En plus des aspects économiques liés à leur activité, nos artisans essayent comme ils peuvent de mettre en valeur le travail artistique, ce qui signifie que les produits artisanaux tels les bijoux, les habits traditionnels et la tapisserie font partie de notre patrimoine culturel.
Ainsi, la classification peut varier d’un produit à un autre, d’où le prix de la Meilleure œuvre de l’artisanat d’art et de l’authenticité de la création institué par le président de la République.
Cette année, le Salon de la créativité et de l’innovation organisé à Alger par le ministère de la PME et de l’Artisanat et par l’Agence nationale de l’artisanat traditionnel a été une occasion pour les artisans de la Kabylie, notamment ceux de la wilaya de Tizi Ouzou, d’affirmer encore une fois leur attachement à leur métier et à l’art traditionnel. Cet engagement et ce dévouement n’ont pas été vains puisque un artisan bijoutier de la commune de Boghni s’est vu décerner le premier prix de « l’innovation et de l’authenticité du président de la République ».
Il s’agit de Kamel Bourahla, un adepte de ce genre de manifestation depuis que des mesures incitatives ont été prises par l’Etat en vue de réactiver le plan d’action pour le développement de l’artisanat.

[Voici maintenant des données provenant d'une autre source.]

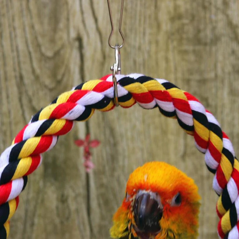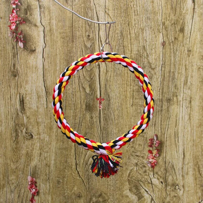 Bird Perch Toy Round Cotton Rope Chewing Bar Parrot Swing Climbing Standing Toys With

En témoigne sa participation à plusieurs reprises à des salons organisés et durant lesquels ses œuvres occupaient une place particulière en dépit de la concurrence des exposants des autres wilayas, chacun avec la qualité des objets présentés.
En 2005, notre lauréat a eu déjà l’honneur de recevoir un titre honorifique pour lors d’un concours national sur le thème de l’art artisanal qui s’ajoute aux nombreuses participations à l’étranger dans le cadre des échanges avec les pays de l’autre rive de la Méditerranée.
S’agissant de son œuvre artistique, qui a suscité l’admiration des visiteurs du salon d’Alger et les faveurs du jury, c’est une mosquée en argent dont la conception a demandé un temps de travail dépassant une année, mais c’était pour fournir une œuvre de qualité pleine de couleurs et à la mesure de l’événement organisé sous le haut patronage du président de la République.
Cependant, avant d’atteindre un tel succès qui redonnera certainement un nouvel élan aux artisans bijoutiers de la région, il fallait surpasser plusieurs obstacles, particulièrement ceux relatifs à la cherté des métaux (l’argent) et le monopole qu’exerce l’agence nationale pour la transformation et la distribution de l’or et des autres métaux précieux, ce qui a mis un frein à la concurrence loyale lorsqu’il s’agit de commercialiser les bijoux.
Tout compte fait, grâce aux soutien de la Chambre de l’artisanat et des métiers et son directeur, Ali Asmani, notre interlocuteur ne désespère pas de voir l’art traditionnel kabyle évoluer dans le sens souhaité, à savoir « donner une dimension universelle aux œuvres de l’artisanat d’art ».